WHAT TO PRODUCE >> Ignore the pictures in the data below and set down exactly the lines from its first line through the line containing "Chanel Flap Bag".
....
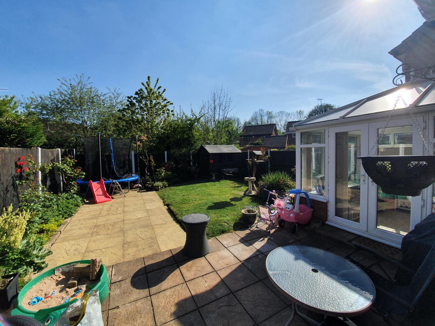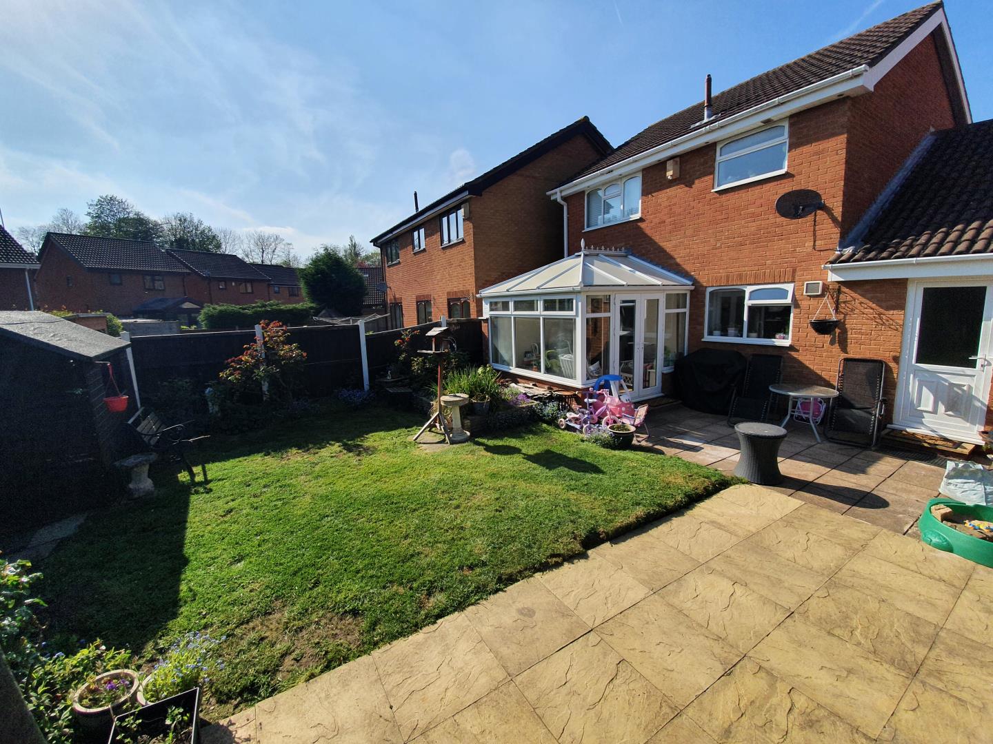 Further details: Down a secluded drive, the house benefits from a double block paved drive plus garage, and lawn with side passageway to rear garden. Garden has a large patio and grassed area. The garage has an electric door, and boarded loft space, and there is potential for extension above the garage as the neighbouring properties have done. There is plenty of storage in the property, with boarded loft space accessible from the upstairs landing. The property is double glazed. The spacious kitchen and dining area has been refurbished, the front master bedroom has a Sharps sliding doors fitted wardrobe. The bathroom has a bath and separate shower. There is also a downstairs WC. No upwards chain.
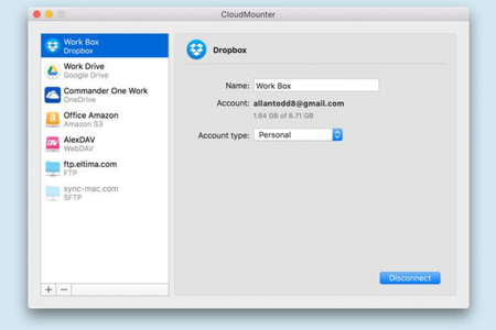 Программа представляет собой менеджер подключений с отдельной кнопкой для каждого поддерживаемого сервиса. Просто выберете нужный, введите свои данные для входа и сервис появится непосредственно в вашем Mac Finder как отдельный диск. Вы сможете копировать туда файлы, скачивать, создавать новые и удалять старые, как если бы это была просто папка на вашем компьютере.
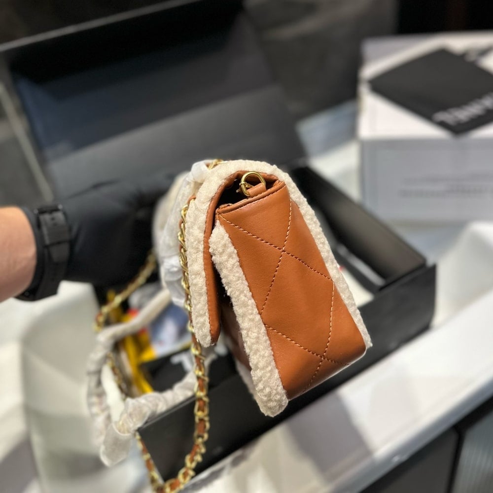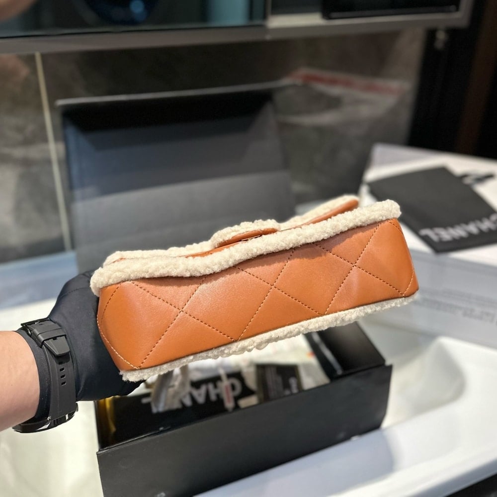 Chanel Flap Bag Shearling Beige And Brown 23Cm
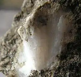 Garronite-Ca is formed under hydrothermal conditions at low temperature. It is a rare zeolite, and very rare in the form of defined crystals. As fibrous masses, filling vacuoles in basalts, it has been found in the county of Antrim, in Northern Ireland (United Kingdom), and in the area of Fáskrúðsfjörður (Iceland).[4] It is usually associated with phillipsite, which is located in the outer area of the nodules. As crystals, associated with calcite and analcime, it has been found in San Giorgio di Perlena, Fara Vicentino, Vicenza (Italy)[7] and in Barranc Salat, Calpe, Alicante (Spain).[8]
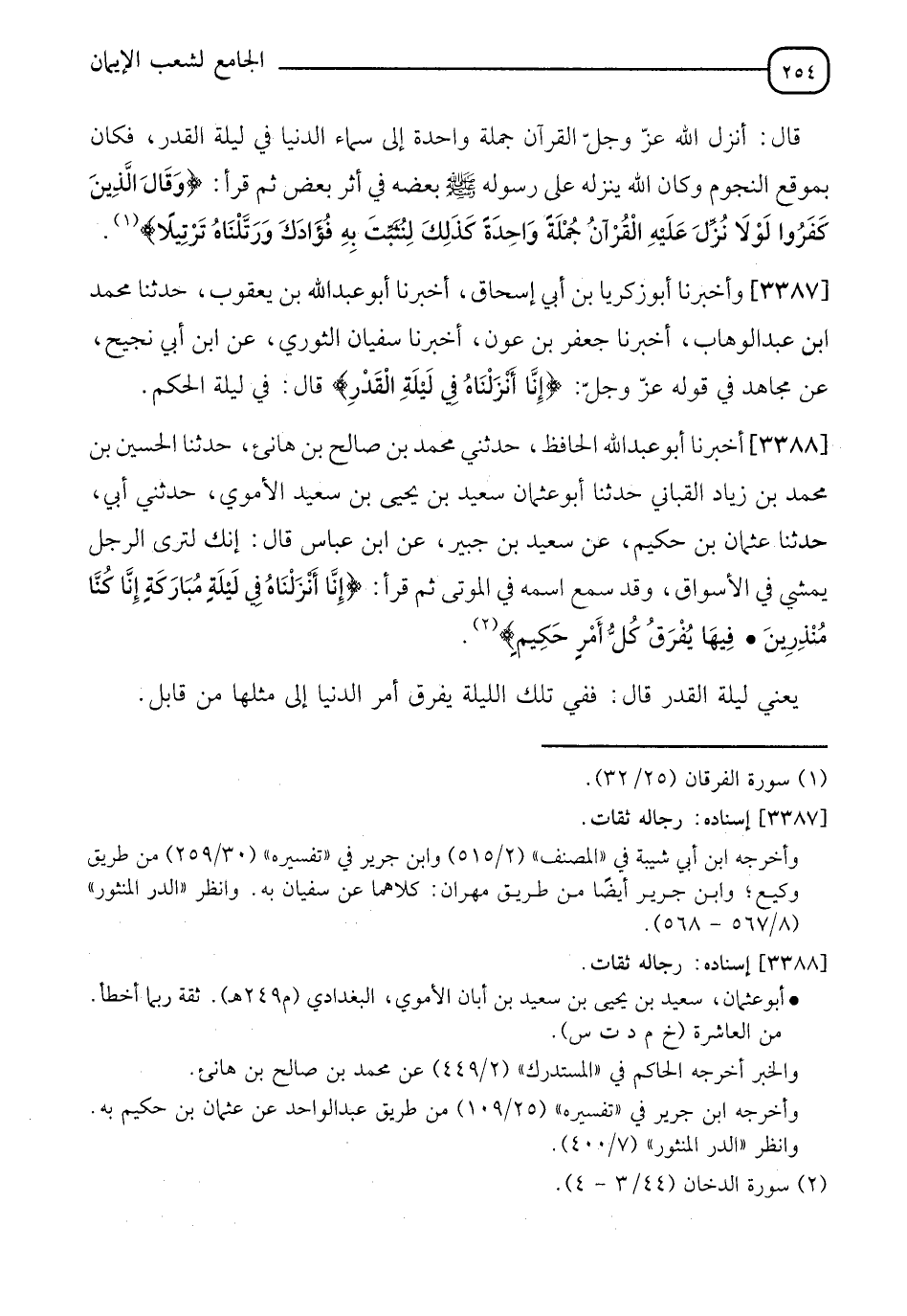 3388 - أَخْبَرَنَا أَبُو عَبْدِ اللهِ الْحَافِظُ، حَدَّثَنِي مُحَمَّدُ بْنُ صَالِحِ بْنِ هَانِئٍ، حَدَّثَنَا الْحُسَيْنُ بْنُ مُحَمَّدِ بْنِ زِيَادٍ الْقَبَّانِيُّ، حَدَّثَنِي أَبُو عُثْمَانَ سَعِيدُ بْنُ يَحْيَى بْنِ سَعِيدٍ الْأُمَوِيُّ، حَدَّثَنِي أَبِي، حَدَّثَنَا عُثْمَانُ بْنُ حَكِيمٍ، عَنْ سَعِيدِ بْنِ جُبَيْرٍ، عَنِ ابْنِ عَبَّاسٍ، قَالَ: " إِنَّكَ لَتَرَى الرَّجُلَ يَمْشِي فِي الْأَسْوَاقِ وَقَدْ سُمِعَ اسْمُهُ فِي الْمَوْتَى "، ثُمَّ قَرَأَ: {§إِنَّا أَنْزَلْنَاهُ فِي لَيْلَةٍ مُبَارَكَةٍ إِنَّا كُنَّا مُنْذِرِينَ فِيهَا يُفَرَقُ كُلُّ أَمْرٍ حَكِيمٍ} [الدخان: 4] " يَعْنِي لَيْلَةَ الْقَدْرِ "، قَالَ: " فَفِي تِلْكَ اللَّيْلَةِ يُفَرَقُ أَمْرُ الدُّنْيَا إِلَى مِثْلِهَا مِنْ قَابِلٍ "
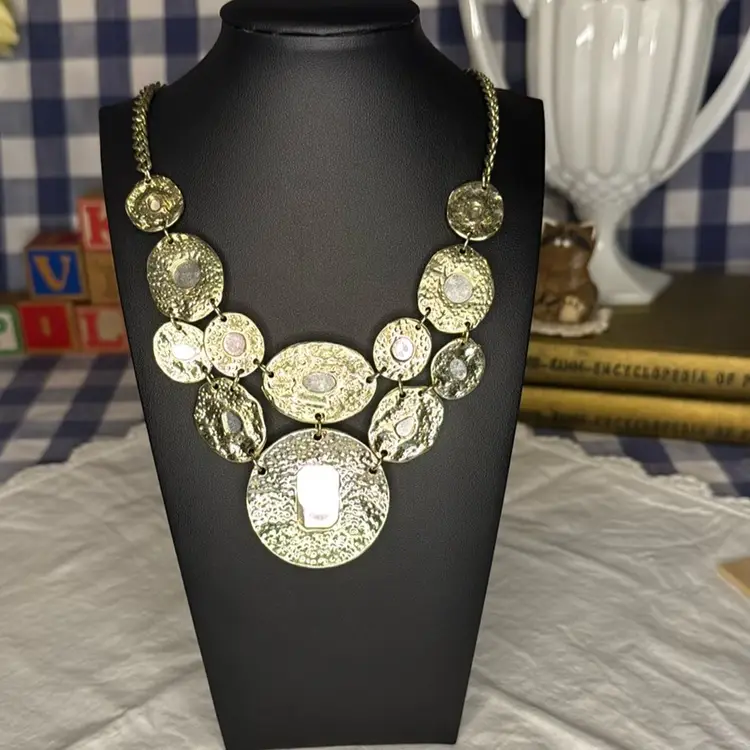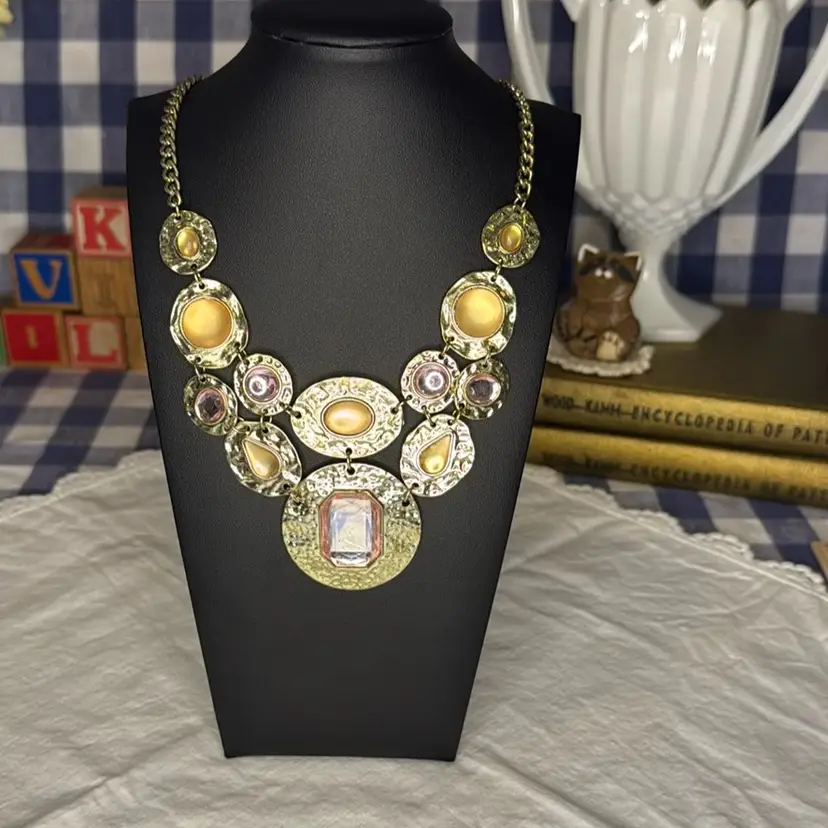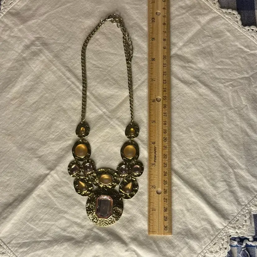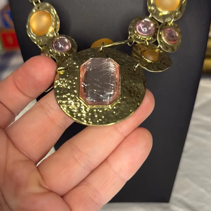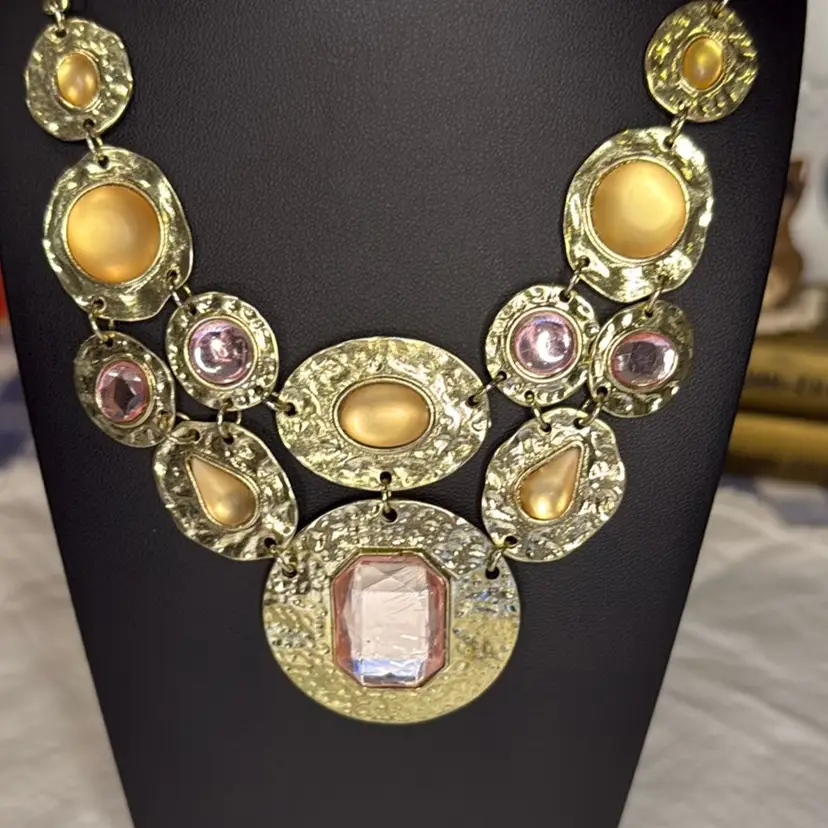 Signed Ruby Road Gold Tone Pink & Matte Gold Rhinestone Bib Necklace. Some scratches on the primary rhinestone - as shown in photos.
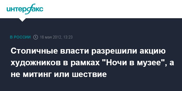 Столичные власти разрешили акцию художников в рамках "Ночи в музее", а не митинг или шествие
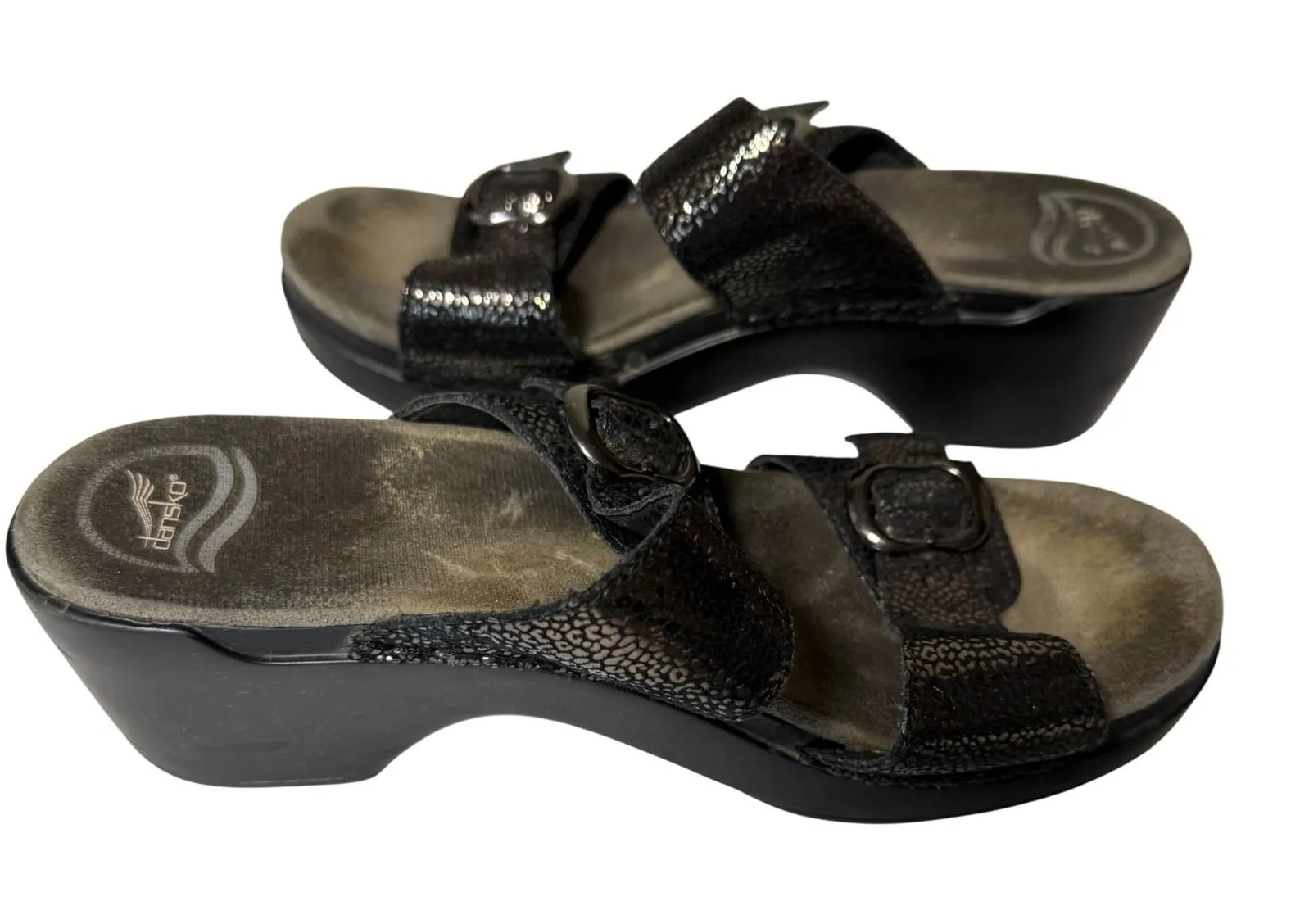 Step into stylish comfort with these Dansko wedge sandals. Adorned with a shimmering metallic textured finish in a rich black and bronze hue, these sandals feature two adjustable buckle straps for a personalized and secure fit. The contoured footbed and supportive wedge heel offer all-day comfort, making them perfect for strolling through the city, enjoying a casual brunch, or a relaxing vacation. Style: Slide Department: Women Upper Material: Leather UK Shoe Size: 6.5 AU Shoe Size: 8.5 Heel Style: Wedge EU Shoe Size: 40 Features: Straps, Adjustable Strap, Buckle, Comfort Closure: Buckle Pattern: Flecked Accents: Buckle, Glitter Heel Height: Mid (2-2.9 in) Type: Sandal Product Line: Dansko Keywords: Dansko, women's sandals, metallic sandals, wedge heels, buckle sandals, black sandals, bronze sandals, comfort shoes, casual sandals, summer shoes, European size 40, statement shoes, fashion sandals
....
RESULT OF THE EXERCISE >>
 Further details: Down a secluded drive, the house benefits from a double block paved drive plus garage, and lawn with side passageway to rear garden. Garden has a large patio and grassed area. The garage has an electric door, and boarded loft space, and there is potential for extension above the garage as the neighbouring properties have done. There is plenty of storage in the property, with boarded loft space accessible from the upstairs landing. The property is double glazed. The spacious kitchen and dining area has been refurbished, the front master bedroom has a Sharps sliding doors fitted wardrobe. The bathroom has a bath and separate shower. There is also a downstairs WC. No upwards chain.
 Программа представляет собой менеджер подключений с отдельной кнопкой для каждого поддерживаемого сервиса. Просто выберете нужный, введите свои данные для входа и сервис появится непосредственно в вашем Mac Finder как отдельный диск. Вы сможете копировать туда файлы, скачивать, создавать новые и удалять старые, как если бы это была просто папка на вашем компьютере.
 Chanel Flap Bag Shearling Beige And Brown 23Cm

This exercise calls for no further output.